I have an RM191 development board that I am attempting to interface with an RTL-SDR Dongle using GNU-Radio. Without testing the communication, I believe that the GNU-Radio side of things as the program appears to be listening to the SDR Dongle. I keep running into what is hopefully a simple issue where my RM191 does not want to reconfigure any of its keys. Every combination of:
at+cfgex 10## "*Key*"
or
at+cfgex 10##?
returns either: E00D - unknown subroutine, 1001 - CFG unkown key, or 7312 - LoRaMAC Invalid Key, where the ## is any number from 00 to 12 (i.e. 1000 to 1012). I have tried various keys that were copied and pasted directly from both this site above where the keys worked for other users, as well as from the User Manual examples. In addition, I have tried to use the LORASetOption with the definition in the RM1xx-defs.h header, as well as the key from the aforementioned documents. I am running out of ideas and wasn’t sure if anyone else had any of these problems before?
Software info:
UwTerminalX - Embarrassingly enough I cannot find the version I’m using, but I downloaded it a couple of months ago and to my knowledge there have not been any firmware updates (aka I haven’t updated the software)
System OS - Mac OSX 10.10.5
Hey smart people! Quite interested to hear from all of you how the RM1xx is coping in your projects etc. Has anyone used this module as battery powered pulse counter (connected to a flowmeter)? Regardless, I’d really love to hear about your experiences with the RM1xx.

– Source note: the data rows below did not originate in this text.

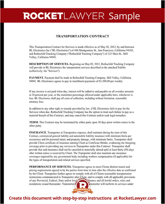 Transportation Contract Agreement Template Transport Informations Lane
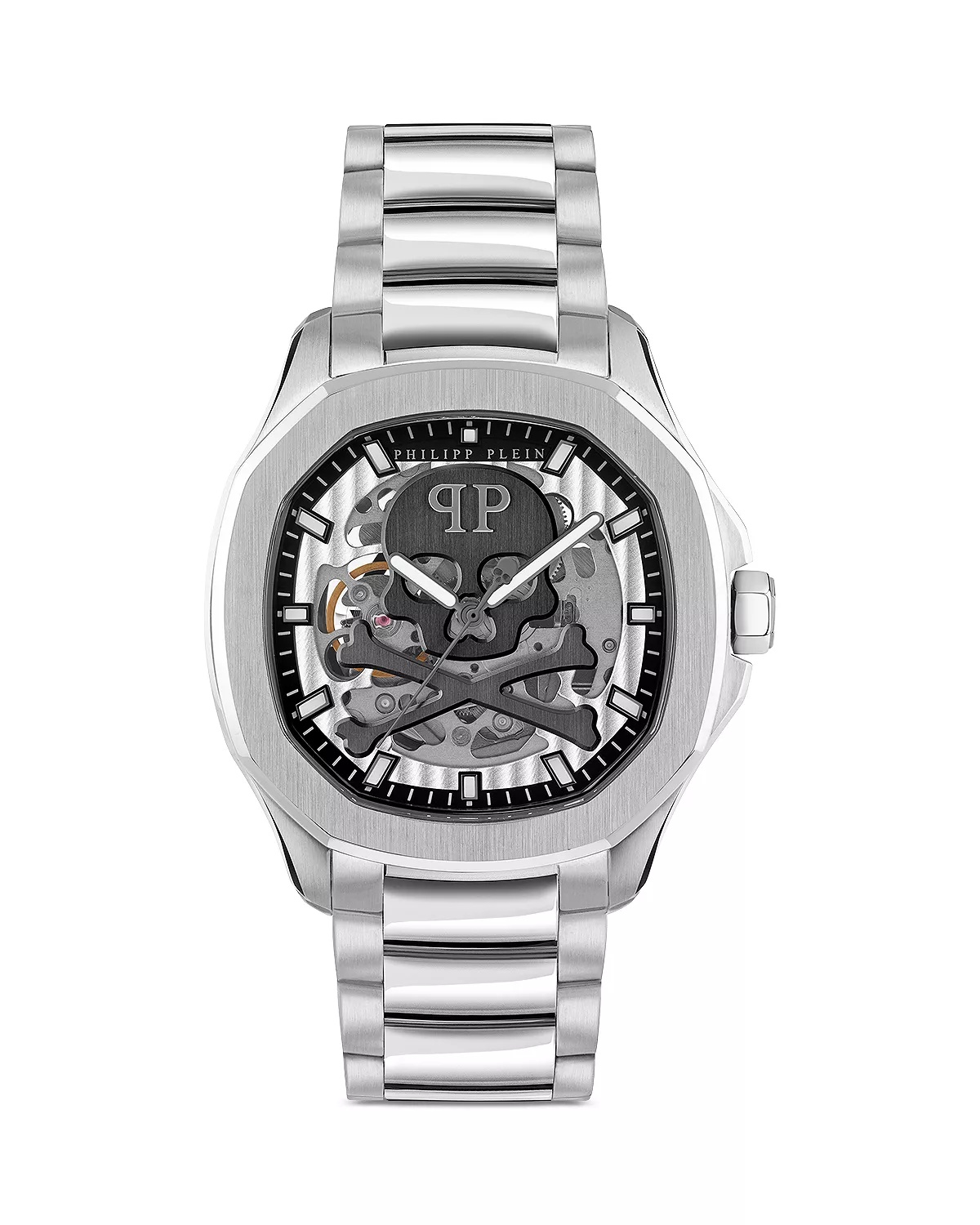 PRODUCT DETAILS - IP stainless steel; mineral crystal - Case size: 42mm - Deployant clasp closure - Water resistant to 5 ATM - Quartz movement - Black $kull motif dial - Stainless steel link bracelet - Manufacturer's 2-year limited warranty - Photo may have been enlarged and/or enhanced. - Imported Web ID: 4707545
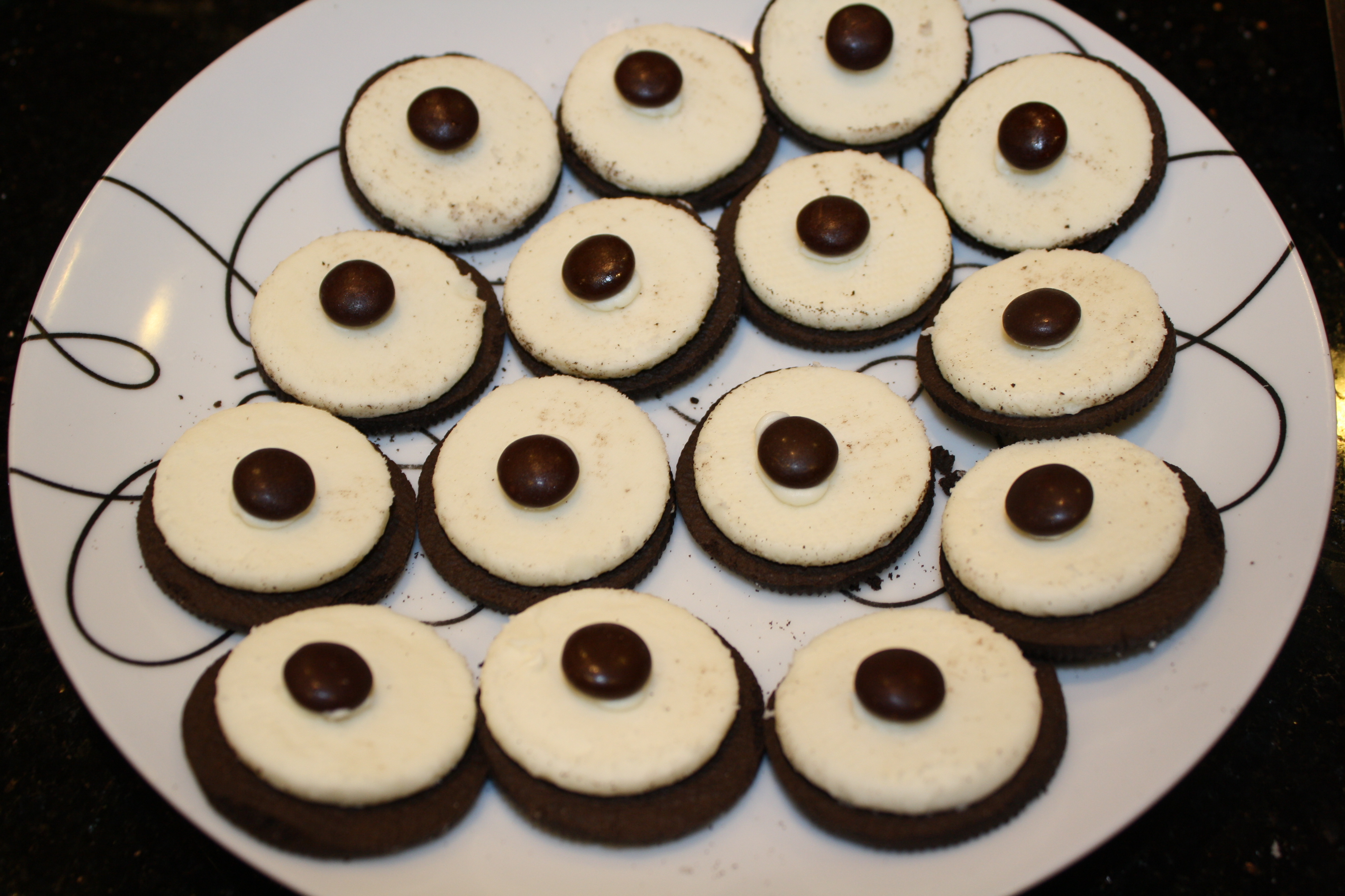 Then, I attached a brown M&M on top of the icing spots.
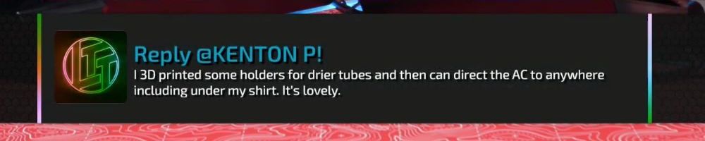 Reply @KENTON P! I 3D printed some holders for drier tubes and then can direct the AC to anywhere including under my shirt. It's lovely.
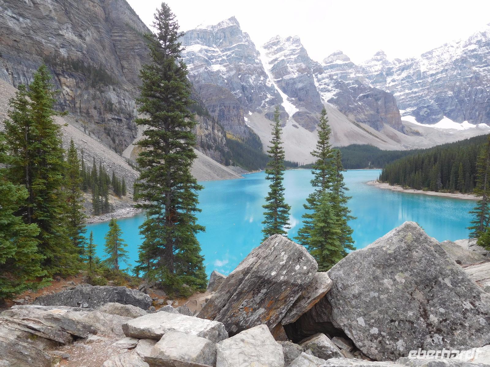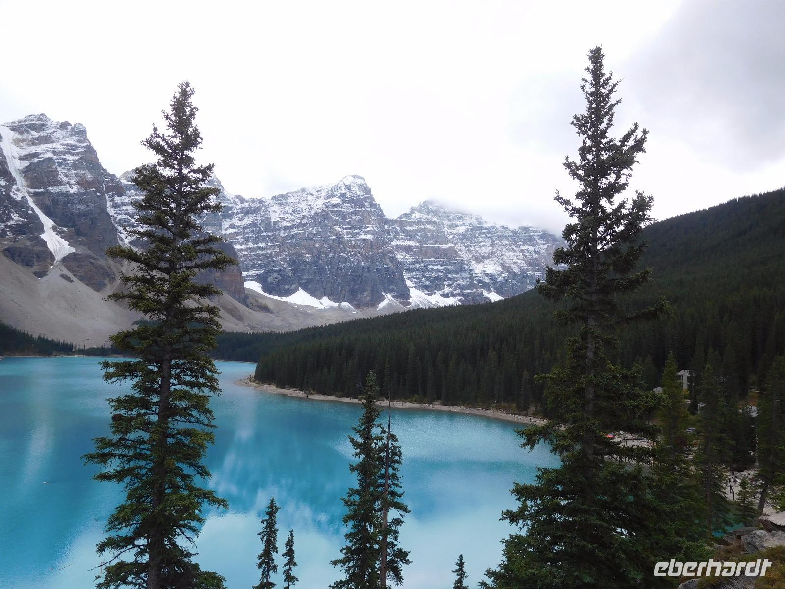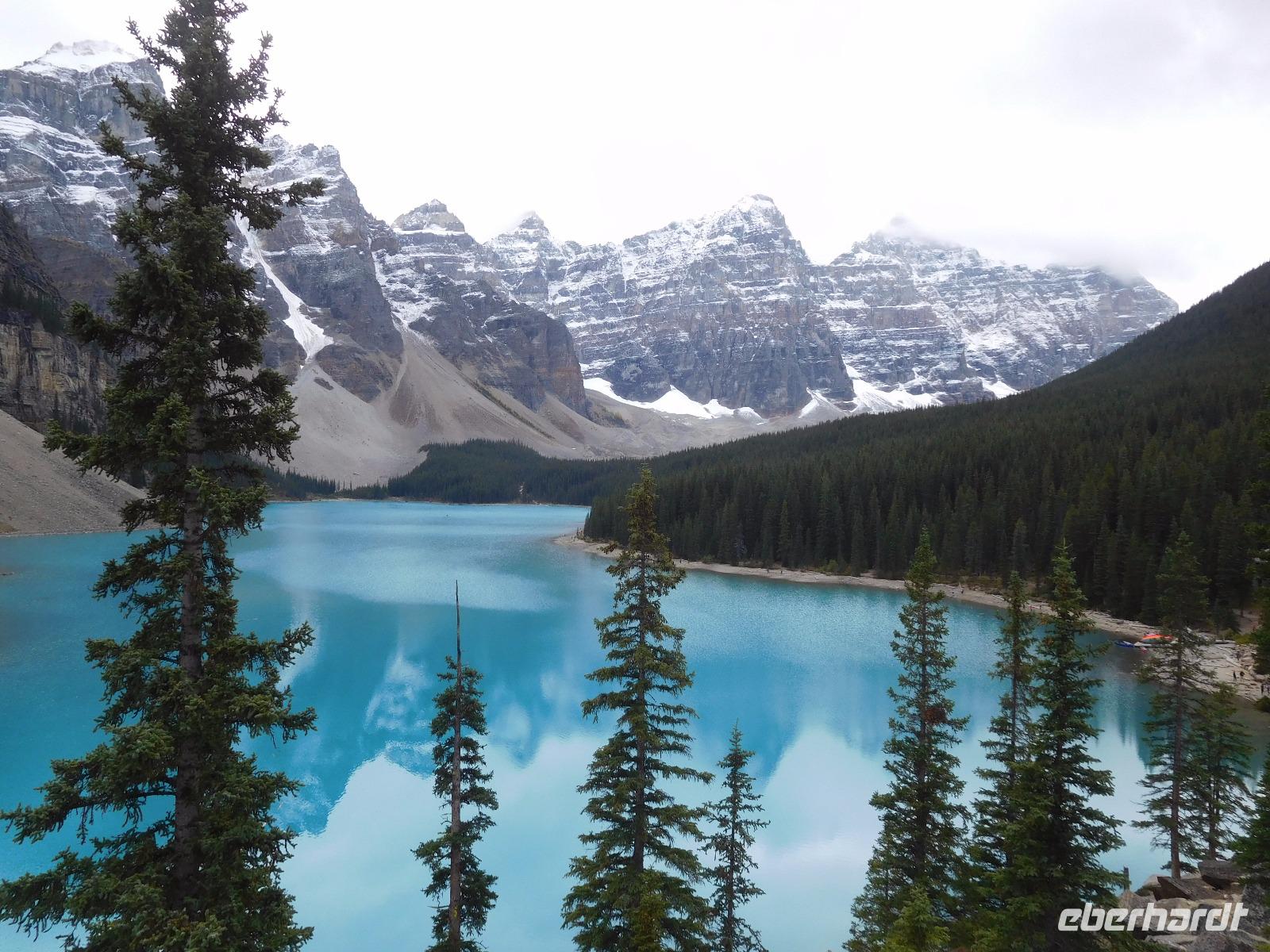 So weit war alles beeindruckend und wunderschön gewesen. Am folgenden See aber wussten wir: Das glaubt uns kein Mensch. Solches schlumpfblaues Wasser sieht man entweder auf Kinderzeichnungen oder übertrieben kitschigen Postkarten.... oder eben beim Lake Moraine. So etwas hatten wir noch nicht gesehen! Weil man diesen Eindruck ohnehin nicht mehr steigern kann - dachten wir naiver Weise - war es nun Zeit für einen Museumsbesuch oder einen Stadtbummel durch Banff. Ein Unglück kommt selten allein - und so wurde heute abend ich die erste Kranke auf der Reise.
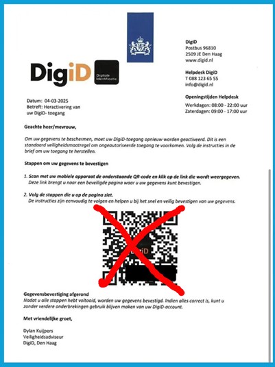 Mocht u tóch de code hebben gescand, vul dan niets in; uw gegevens komen in verkeerde handen! Hebt u wél iets ingevuld, meld dit dan bij de DigiD-helpdesk en doe melding bij de politie. Kijk ook even op de pagina van DigiD over fraude en misbruik.
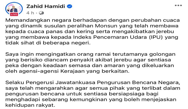 Ahmad Zahid yang juga Pengerusi Jawatankuasa Pengurusan Bencana Negara berkata, “negara kini berdepan dengan perubahan cuaca yang dinamik susulan peralihan monsun yang mengakibatkan cuaca panas dan kering serta jerebu.”
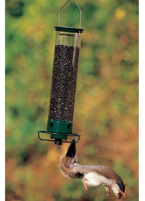 The seed tube is generous in height, making it impossible for squirrels to hang down from the top and reach seed. The four feeding ports are easily accessible via the perch ring, and the interior of the chamber is designed to direct seed into the seed ports. Birds will not set it off, not even larger species like Woodpeckers and Cardinals. But the minute a squirrel hops on to the perch, the motor is triggered and the feeder begins spinning, taking the squirrel for a whirl before it loses its grip and is thrown gently from the perch. The heavy metal cap fits snugly on the tube to prevent squirrels from lifting it to reach the seed. The clear feeder tube makes the seed visible to the birds, a proven advantage. Made of UV Stabilized Polycarbonate, it ensures long lasting durability without yellowing, Its length and girth are designed to prevent squirrels from reaching the seed ports. With a large 5 lb. capacity, you don't need to refill your feeder every day. An internal baffle design keeps seed flowing freely to the ports. With the metal top and base powder coated in Forest Green, the Flipper looks great in any yard. Hang the Flipper securely from its heavy duty signature looped stainless steel wire which reduces motion. Components made in the U.S.A. and in China. Lifetime Warranty against squirrel damage in the feeder; one year Limited Warranty on electronics. Components made in the U.S.A and in China. Now the birds can eat without disruption, and your family will get a kick out of watching squirrels go for their rides.
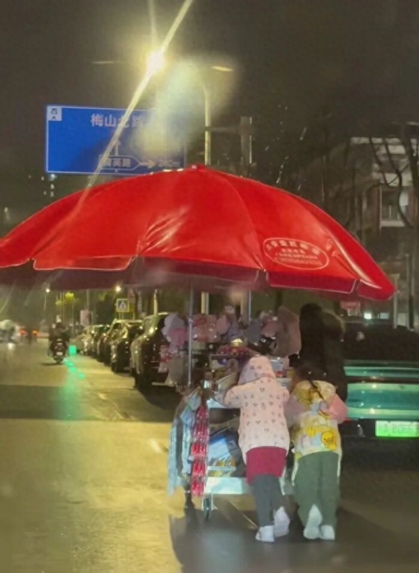2025年12月31日晚上,在六安市八公山北路银泰路段,两名年幼女孩帮家人推着摆摊小车前行,后方车主默默减速跟随,全程未鸣笛,在分别那一刻女孩转过身深深鞠躬致谢。记录这温暖一幕的视频被车主发布后立即引起广泛关注,还被人民日报关注并转发。
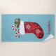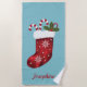 Serviette De Plage Noel Rouge Sur Bleu Avec Texte Personnalisé
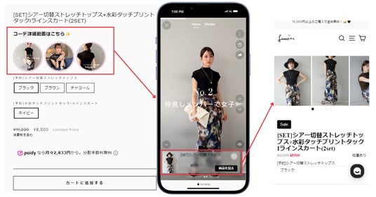 商品の使用イメージを動画で詳しく伝えることができ、かつ動画から直接購入の導線もあるため、 ECサイトの滞在時間やCVR、顧客単価の向上が期待できます。
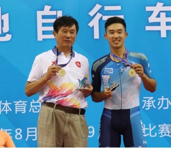 港隊單車代表梁峻榮(右)在男子個人全能賽取得金牌,圖為他與教練沈金康合影。
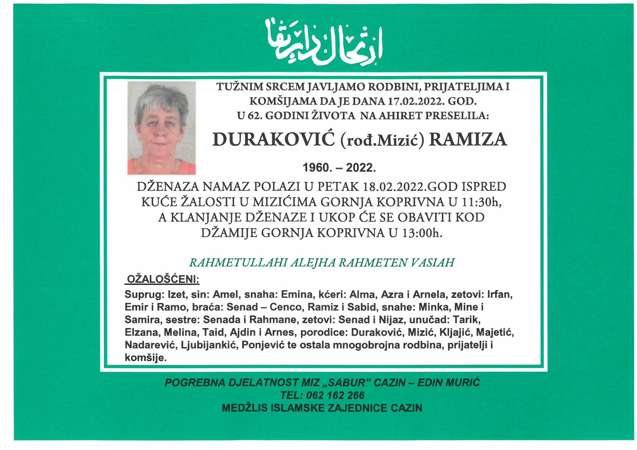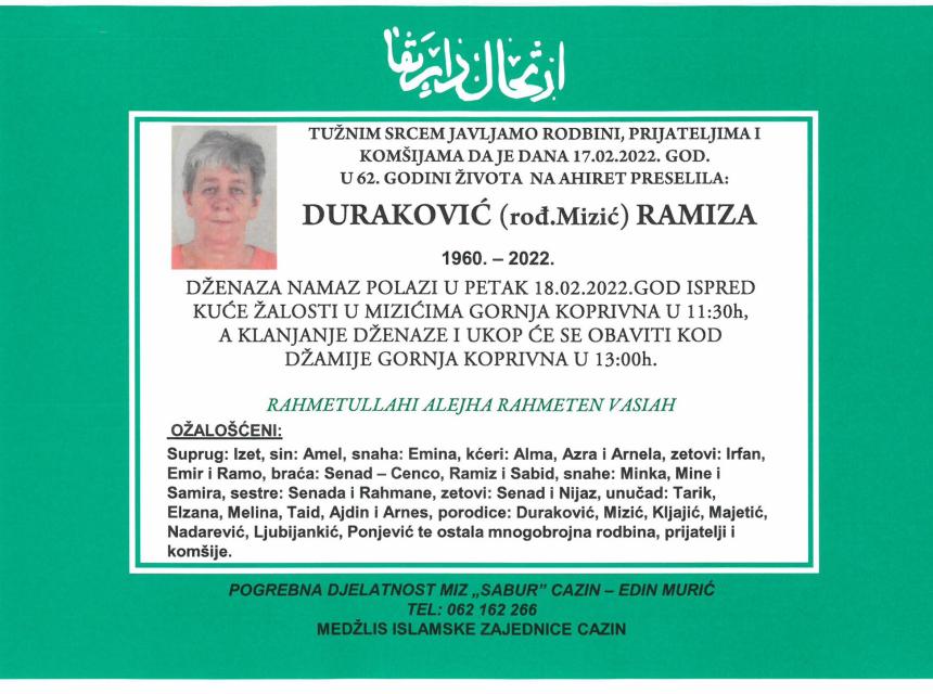 Tužnog srca i s bolom u duši obavještavamo rodbinu, komšije i prijatelje da je naša draga Duraković (rođ. Mizić) Ramiza, dana 17.02.2022. godine, u 62-oj godini života, preselila na Ahiret.

Hi! I bought this up in the Part 1 of the RM1xx forum page already. I’m sorry for the bad news, but there is probably nothing wrong with your code. The issue is the GPIOASSIGNEVENT() and GPIOBINDEVENT() calls. I have spent close to a year on and off trying to get this functionality to work while maintaining LoRa radio stability. After contacting support and spending time on Skype with technical staff at Laird, the conclusion was that this will not be solved. Either because they are unwilling or because the bug is just not practically fixable.
This makes some of the most practical applications using the RM1xx module impossible. Interrupt triggers are a must. I was hoping a bit of pressure from developers here could maybe make them reconsider, or at lease give us the truth about the RM1xx capability and update their datasheets.
Either way I was extremely disappointed especially because this was a promising little chip. Laird did a bit of false advertising, and quite frankly I’m probably going to be dumping any of their LoRa related hardware just to avoid headaches and long frustrating nights.
We’ve given up on GPIOASSIGNEVENT etc and are polling the digital inputs on a timer. It’s not ideal but seems to work.
We’re only using the RM1xx module as a communications device. All the heavy lifting is done on an STM32 processor talking to the RM1xx over SPI. The two digitals we do use are simply signals to the Laird to grab some data and sent it.
This all feels reminiscent of writing in BASIC in the 80’s - you’re attracted by how easy it is to get something up and running quickly, then soon run out of steam on a serious application…
I wish Laird would give us seasoned developers another route in to use the product - after all we’re doing all our other stuff at low level in C, and ultimately have to get to grips with the hardware we’re writing for.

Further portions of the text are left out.